- Exercise brief -
When you transcribe the listing, keep each line exact and drop the pictures.

- Excerpted records -
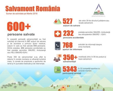 Asociaţia Naţională a Salvatorilor Montani din România (A.N.S.M.R.) şi Consiliul Serviciilor Publice Salvamont au centralizat activitatea, pe luna martie a anului 2018, a celor 39 de structuri judeţene sau locale salvamont din cele 24 de judeţe cu activitate de salvare montană din România. Deşi luna martie este caracterizată printr-un număr din ce în ce mai scăzut de turişti pe munte, dar şi o perioadă în care se organizează foarte multe competiţii sportive cu caracter montan, s-a impus asigurarea asistenţa de salvare montană la un nivel maxim, zilnic, un număr de 250 – 300 de salvamontişti la datorie în zonele montane cu afluenţă turistică mare, în zonele de practicare a sporturilor de iarnă, în punctele medicale şi de intervenţie din cca 90 de posturi şi baze salvamont.
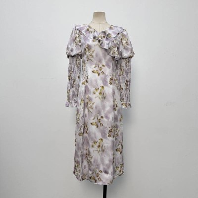 French Tie-dye Floral Ruffle Long Sleeve Chiffon Maxi Dress
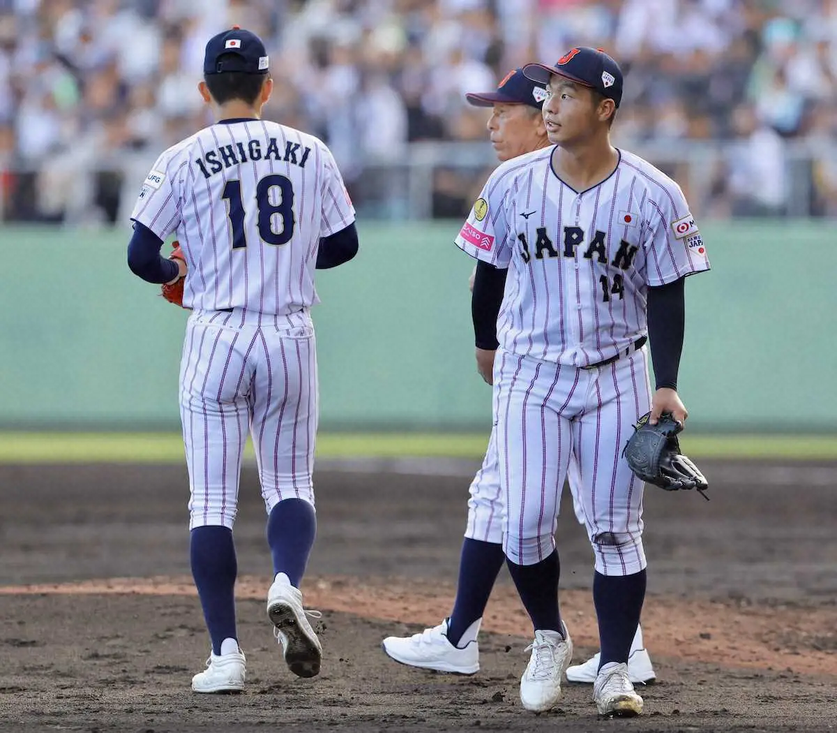 <日本・米国>4回、アメリカに先制を許し、肩を落とす末吉(撮影・松永 柊斗) Photo by スポニチ 【U18W杯】日本連覇ならず 末吉、石垣のスーパーリレーも…打線1点遠く … ギャラリーで見る この記事のフォト 2025年09月14日の画像一覧 もっと見る 2025年09月14日の画像をもっと見る
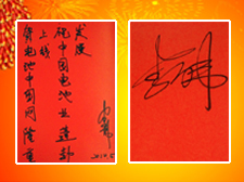 长青(中国)总裁白镜亮先生题写寄语:电池中国,造福人群!
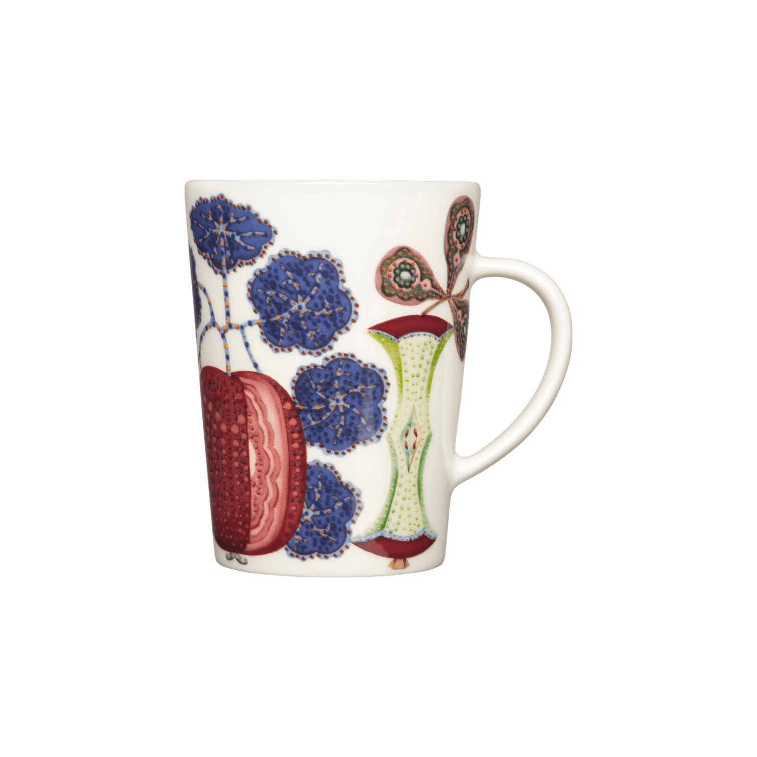 Krūze Sato dizains ir iedvesmots no klusās dabas, apvienojot Klausa Haapaniemi spilgtās augļu un dārzeņu ilustrācijas ar Heikki Orvola skaidrajām un vienkāršajām formām. Šī 0,3 L krūze ir lielisks piemērs šai harmoniskajai kombinācijai, kur dzīvotspējīga māksla un funkcionalitāte apvienojas, lai radītu patiesi izsmalcinātu trauku. Krūze ir ideāli piemērota kafijas vai tējas baudīšanai, piešķirot īpašu akcentu ikdienas mirkļiem.

- Solution to the problem -
 Asociaţia Naţională a Salvatorilor Montani din România (A.N.S.M.R.) şi Consiliul Serviciilor Publice Salvamont au centralizat activitatea, pe luna martie a anului 2018, a celor 39 de structuri judeţene sau locale salvamont din cele 24 de judeţe cu activitate de salvare montană din România. Deşi luna martie este caracterizată printr-un număr din ce în ce mai scăzut de turişti pe munte, dar şi o perioadă în care se organizează foarte multe competiţii sportive cu caracter montan, s-a impus asigurarea asistenţa de salvare montană la un nivel maxim, zilnic, un număr de 250 – 300 de salvamontişti la datorie în zonele montane cu afluenţă turistică mare, în zonele de practicare a sporturilor de iarnă, în punctele medicale şi de intervenţie din cca 90 de posturi şi baze salvamont.
 French Tie-dye Floral Ruffle Long Sleeve Chiffon Maxi Dress
 <日本・米国>4回、アメリカに先制を許し、肩を落とす末吉(撮影・松永 柊斗) Photo by スポニチ 【U18W杯】日本連覇ならず 末吉、石垣のスーパーリレーも…打線1点遠く … ギャラリーで見る この記事のフォト 2025年09月14日の画像一覧 もっと見る 2025年09月14日の画像をもっと見る
 长青(中国)总裁白镜亮先生题写寄语:电池中国,造福人群!
 Krūze Sato dizains ir iedvesmots no klusās dabas, apvienojot Klausa Haapaniemi spilgtās augļu un dārzeņu ilustrācijas ar Heikki Orvola skaidrajām un vienkāršajām formām. Šī 0,3 L krūze ir lielisks piemērs šai harmoniskajai kombinācijai, kur dzīvotspējīga māksla un funkcionalitāte apvienojas, lai radītu patiesi izsmalcinātu trauku. Krūze ir ideāli piemērota kafijas vai tējas baudīšanai, piešķirot īpašu akcentu ikdienas mirkļiem.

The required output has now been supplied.